Калиус вздрогнул от услышанного, но совладал с собой. Только безразличие в его голосе не обмануло центура.
— Не знал, что ты еще и Претендент! Только не говори «я», пока не сказал «а».
— Да брось ты свои заумные бредни! — центур схватился за плечо министра. — Скоро твое тело отдадут голодным собакам, но перед этим изрядно помучишься. Что случилось? Я вижу страх в твоих глазах?
— Вадигор найдет тебя и выпустит твои кишки, если ты тронешь королеву! — гнев выплеснулся наружу, и Калиус сделал попытку дотянуться до центура, но веревки, спутывающие ноги, не дали ему совершить возмездие.
— Вряд ли, — задумчивость центура сбила порыв министра. — В Аламе я убрал почти всех Претендентов, осталось совсем немного. А сейчас меня интересует, как ты догадался, что мальчишка — Претендент?
Калиус благоразумно закрыл рот. Предатель не знает истинной причины мести, если она случится. Министр надеялся, что любовь поднимет Вадигора из любой могилы, и его рука сомкнется на шее преследователя королевы.
— Нападение на дворец — твоих рук дело?
— Тебе не кажется, Калиус, что для смертника ты задаешь слишком много вопросов, интересуешься не тем, чем надо. О смерти думай! Готовься к путешествию!

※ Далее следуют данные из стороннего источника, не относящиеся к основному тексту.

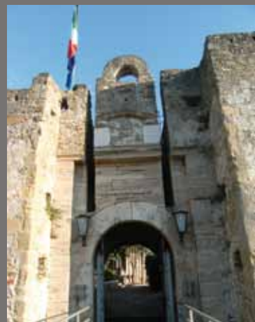
Porta d'ingresso al Castello Angioino - Aragonese

Il borgo storico di Agropoli, a strapiombo sul mare, conserva intatta la fisionomia medievale, con il fitto intreccio di case, le caratteristiche stradine e i piccoli slarghi. Vi si accede attraverso la seicentesca porta d'ingresso, simbolo della Città, posta al termine dei famosi "scaloni" che si affacciano sullo splendido porto turistico.
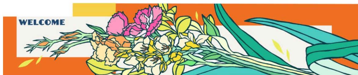
南エントランス 壁面アート
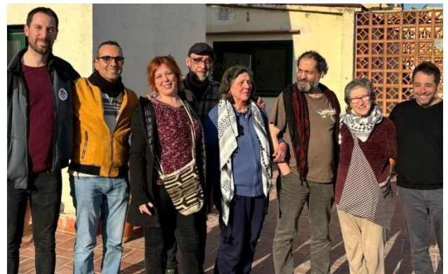
Ahir, amb el FAGC i l'equip de TransFormem UB
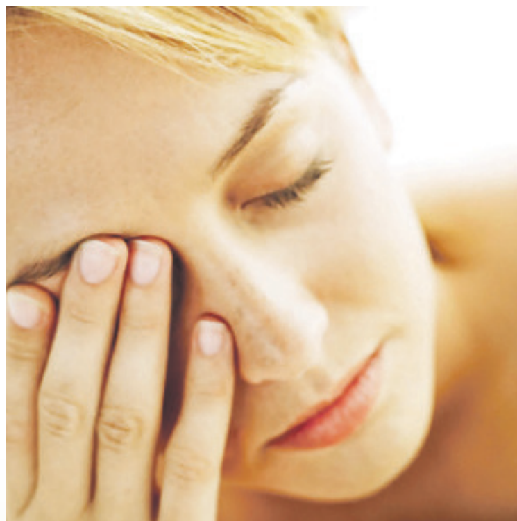
Con la edad es más probable que aparezcan las ojeras

Socialmente, las ojeras se suelen asociar con cansancio, enfermedad o preocupación, pero más

Ханвару, кажется, надоела непонятная болтовня белокожих соперников, и он махнул рукой своим воинам, стоящим полукругом за пленниками. Рыцаря грубо подняли на ноги, встряхнули, чтобы почувствовал силу, и поволокли его в сторону начавших пировать вождей. Центур вздохнул и сел рядом с Ханваром на почетное пустое место.
— Он не хочет покориться мне, этот поганый пес? — облизывая пальцы, спросил каган. — В чем дело, мой брат? Эй, железный человек, покорись мне!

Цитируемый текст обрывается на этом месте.